5 jul 2018
HvJ EU: Modelrechtaanvraag Jagermeisterbekers terecht afgewezen omdat er geen afbeelding is die het model identificeert
HvJ EU 5 juli 2018, IEF 17826; C-217/17 P; ECLI:EU:C:2018:534 (Jägermeister tegen EUIPO). Modellenrecht. Jagermeister heeft bij EUIPO twee aanvragen ingediend van bekers als gemeenschapsmodellen. EUIPO wijst de aanvragen af omdat het niet duidelijk is met betrekking tot welk voorwerp bescherming is verzocht. Het Gerecht EU wijst de vordering af [ECLI:EU:T:2017:68]. Jagermeister vordert vernietiging van het besluit. De vordering wordt afgewezen, omdat er bij de inschrijving geen afbeelding is toegevoegd die het model duidelijk identificeert.
51 De analyse van de bewoordingen van dit artikel 36, lid 1, onder c), leidt dus tot het oordeel dat de afbeelding van het model waarvoor om inschrijving wordt verzocht, het mogelijk moet maken om dat model duidelijk te identificeren.52 De letterlijke uitlegging van artikel 36, lid 1, onder c), van verordening nr. 6/2002 wordt bevestigd door de teleologische uitlegging van deze bepaling, die moet bijdragen tot de goede werking van het inschrijvingssysteem van modellen. Zo heeft het vereiste van grafische voorstelling inzonderheid ten doel, het model zelf af te bakenen, om aldus te bepalen wat precies de bescherming is die het ingeschreven model de houder ervan verleent (zie naar analogie arrest van 12 december 2002, Sieckmann, C‑273/00, EU:C:2002:748, punt 48).
53 Dienaangaande zij opgemerkt dat de inschrijving van een model in een openbaar register tot doel heeft om het toegankelijk te maken voor de bevoegde autoriteiten en voor het publiek, met name voor de marktdeelnemers.De bevoegde autoriteiten moeten zich een duidelijk en nauwkeurig beeld kunnen vormen van de aard van de elementen die een model vormen, teneinde te kunnen voldoen aan hun verplichtingen met betrekking tot het vooronderzoek van de inschrijvingsaanvragen, de publicatie en de instandhouding van een adequaat en nauwkeurig modellenregister (zie naar analogie arresten van 12 december 2002, Sieckmann, C‑273/00, EU:C:2002:748, punten 49 en 50, en 19 juni 2012, Chartered Institute of Patent Attorneys, C‑307/10, EU:C:2012:361, punt 47).
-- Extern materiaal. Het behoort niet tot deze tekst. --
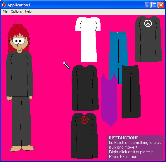 Made because some other webcomic made a dress up doll game in Flash, but I didn't know how to make Flash things, so did it with Vitalize, and crap artwork. As it trapped the user's cursor inside the game, it was annoying to use online, so I made an offline version. |
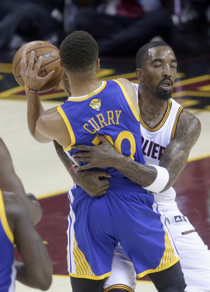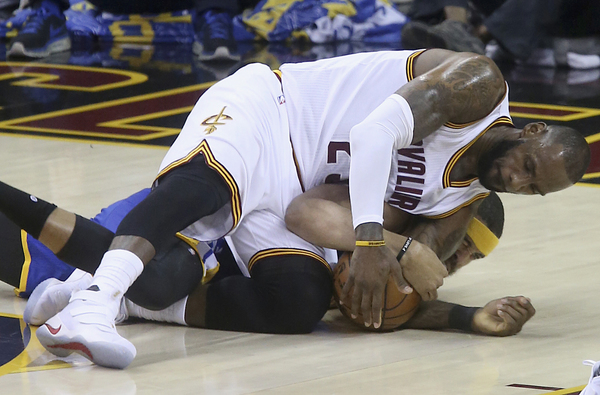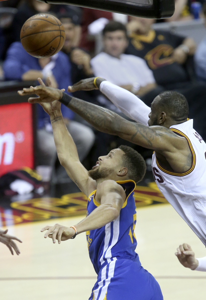 But Andre Iguodala, who has had a quiet postseason, made the biggest defensive play of the night, stripping James and knocking it off his leg out of bounds. Curry got the ensuing inbounds, absorbed the foul and made the game-sealing free throws.
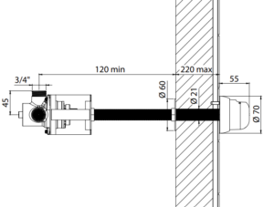 Max væggennemføring 220 mm.
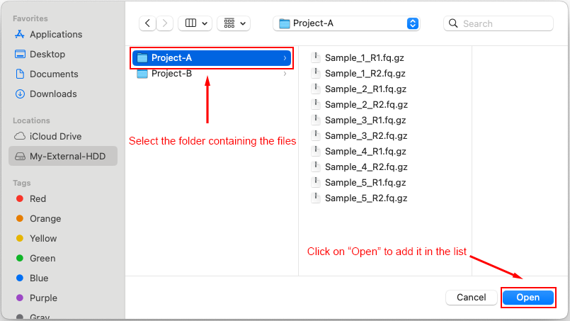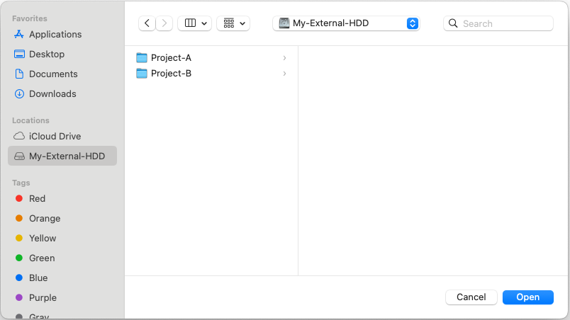 Find the folder to include in the accessible paths (e.g., External Drive)

54 Verder moeten de marktdeelnemers zich ervan kunnen vergewissen welke inschrijvingen precies zijn verricht of welke aanvragen hun feitelijke of potentiële concurrenten precies hebben ingediend, en moeten aldus relevante informatie over de rechten van derden kunnen ontvangen (zie naar analogie arresten van 12 december 2002, Sieckmann, C‑273/00, EU:C:2002:748, punt 51, en 19 juni 2012, Chartered Institute of Patent Attorneys, C‑307/10, EU:C:2012:361, punt 48). Een dergelijk vereiste dient, zoals het Gerecht in wezen in punt 47 van het bestreden arrest aangeeft, ter verzekering van de rechtszekerheid van derden.
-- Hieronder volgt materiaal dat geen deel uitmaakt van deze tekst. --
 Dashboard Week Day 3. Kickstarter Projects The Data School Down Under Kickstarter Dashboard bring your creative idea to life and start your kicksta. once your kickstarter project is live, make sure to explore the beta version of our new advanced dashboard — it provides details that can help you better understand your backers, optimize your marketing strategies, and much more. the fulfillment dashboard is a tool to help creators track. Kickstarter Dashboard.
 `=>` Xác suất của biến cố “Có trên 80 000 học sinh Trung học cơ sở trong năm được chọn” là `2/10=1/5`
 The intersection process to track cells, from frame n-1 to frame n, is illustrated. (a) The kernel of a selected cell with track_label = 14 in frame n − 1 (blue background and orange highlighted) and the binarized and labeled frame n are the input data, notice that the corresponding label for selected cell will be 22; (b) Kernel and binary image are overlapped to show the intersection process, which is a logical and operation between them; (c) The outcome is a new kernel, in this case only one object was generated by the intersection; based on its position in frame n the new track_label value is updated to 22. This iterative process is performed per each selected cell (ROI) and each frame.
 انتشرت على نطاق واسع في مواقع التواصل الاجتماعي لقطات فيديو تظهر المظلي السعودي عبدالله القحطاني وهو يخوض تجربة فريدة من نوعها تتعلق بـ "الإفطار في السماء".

55 Hieruit volgt dat het stelsel van het gemeenschapsmodel dat uit verordening nr. 6/2002 voortvloeit, de uitlegging bevestigt waartoe de bewoordingen van artikel 36, lid 1, onder c), van deze verordening leiden, door te vereisen dat de afbeelding van een model waarvoor om inschrijving wordt verzocht het mogelijk maakt om dit model duidelijk te identificeren.